Changes to Motor Vehicle Expenses

transportation and ownership concept - man pumping gasoline fuel in car at gas stationDo you currently claim motor vehicle expenses in your tax return? This financial year is the first year with the new calculation system in place, which means you may no longer be able to use the same calculation method that you used previously.

Prior to this year, there were four options for calculating your vehicle expenses; however these will be reduced to just two acceptable methods moving forward:

Cents per kilometre: previously the number of cents per kilometre varied depending on the size of the vehicle’s engine. As of this year, the applicable amount will be sixty-six cents per kilometre, although the Commissioner of Taxation may vary this amount in the future. This method allows a maximum claim of 5,000 kilometres (which will equate to $3,300 at sixty-six cents a kilometre).

Logbook: the logbook method is one of the two methods still recognised by the ATO (along with cents per kilometre). Like the one third of expenses method, detailed records are required for all expenses except fuel and oil and must cover a period of at least twelve continuous weeks. You also need to determine the percentage of business use if the vehicle is also used for personal use.

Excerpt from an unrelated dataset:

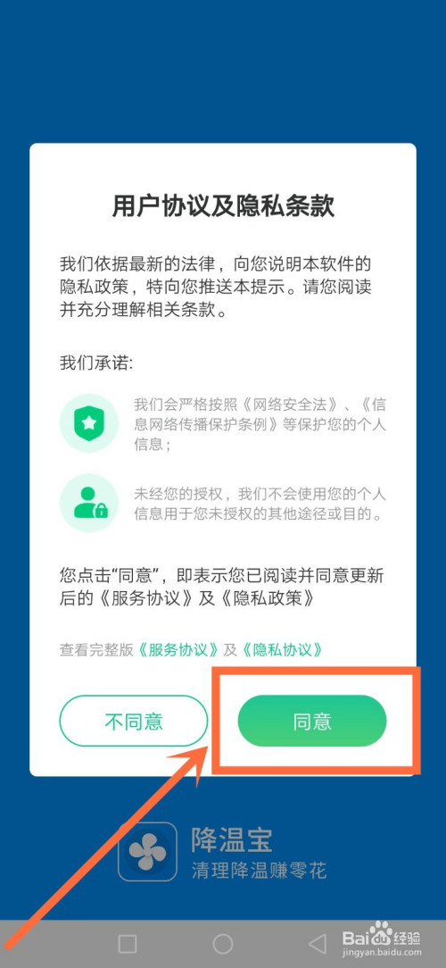 进入隐私条条目界面后,点击【赞成】的选项进入。如下图所示

Once calculated, this method is valid for five years.

Twelve per cent of the original value: this method allows you to claim twelve per cent of the purchase price of the car (or its market value at the time of leasing if it is a leased vehicle). There was a maximum limit set for calculating expenses using this method; however, since the end of the 2014/2015 financial year, the twelve per cent of the original value is no longer accepted for use.

NOTE: if you used either the cents per kilometre method or twelve per cent of original value method, you are not able to claim vehicle depreciation as a separate deduction in your tax return.

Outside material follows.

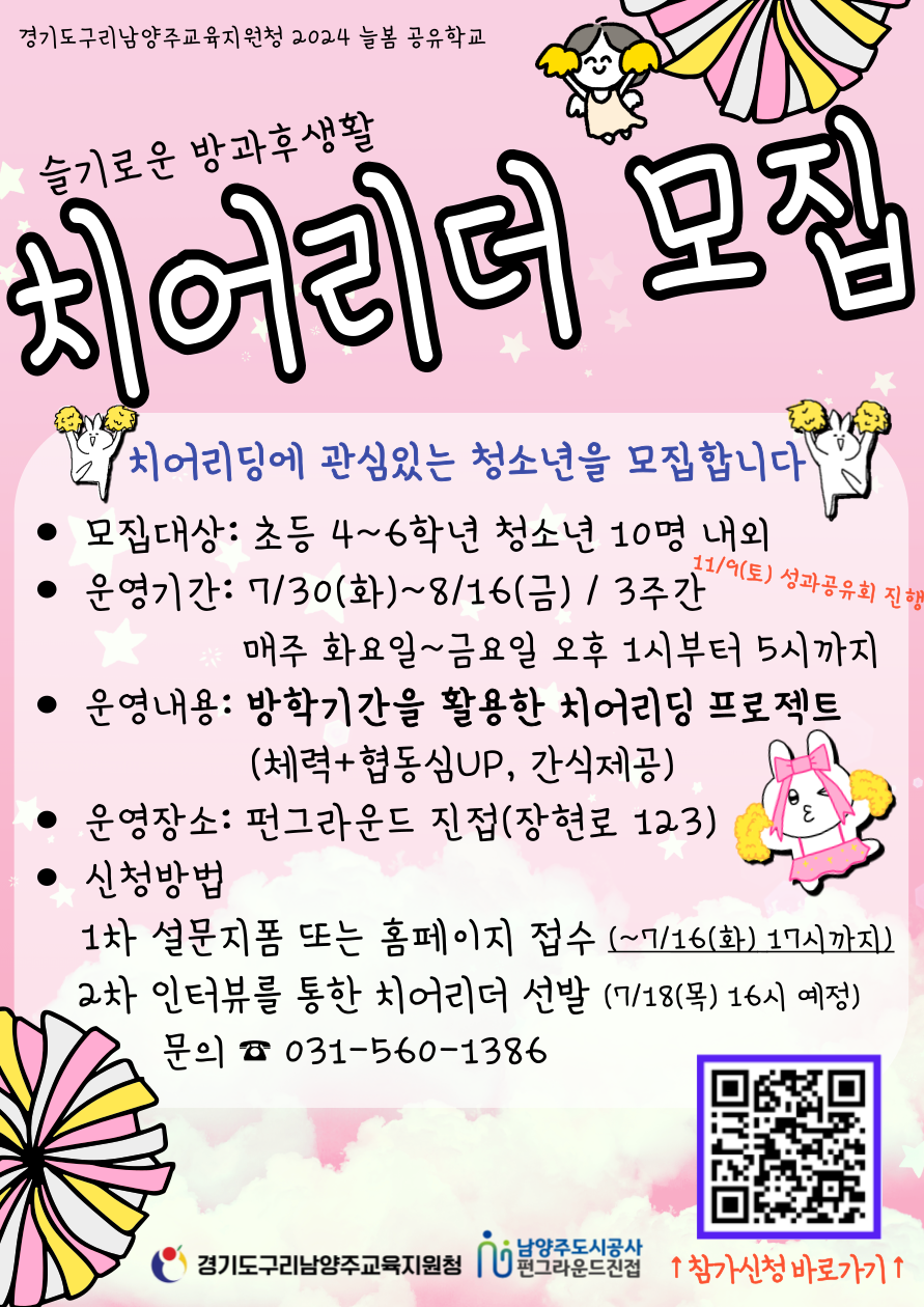 - 운영내용: 방학기간을 활용한 치어리딩 프로젝트(체력+협동심 UP!!, 간식제공 등)

One third of actual expenses: like the 12 per cent of original value method, this method is no longer in use from this year onward. This method did not include capital expenses such as the initial purchase price, and required fairly detailed records of all expenses (excluding fuel and oil, which can be costed using records or from odometer records).

If you have used either the twelve per cent method or one third of expenses method, you will need to transfer over to one of the two accepted methods for this year and beyond to ensure that your motor vehicle expenses are recognised. If you plan to use the logbook method, you will need to allow sufficient time before the end of the financial year to ensure twelve continuous weeks of records can be completed, so don’t leave your decision to the last minute!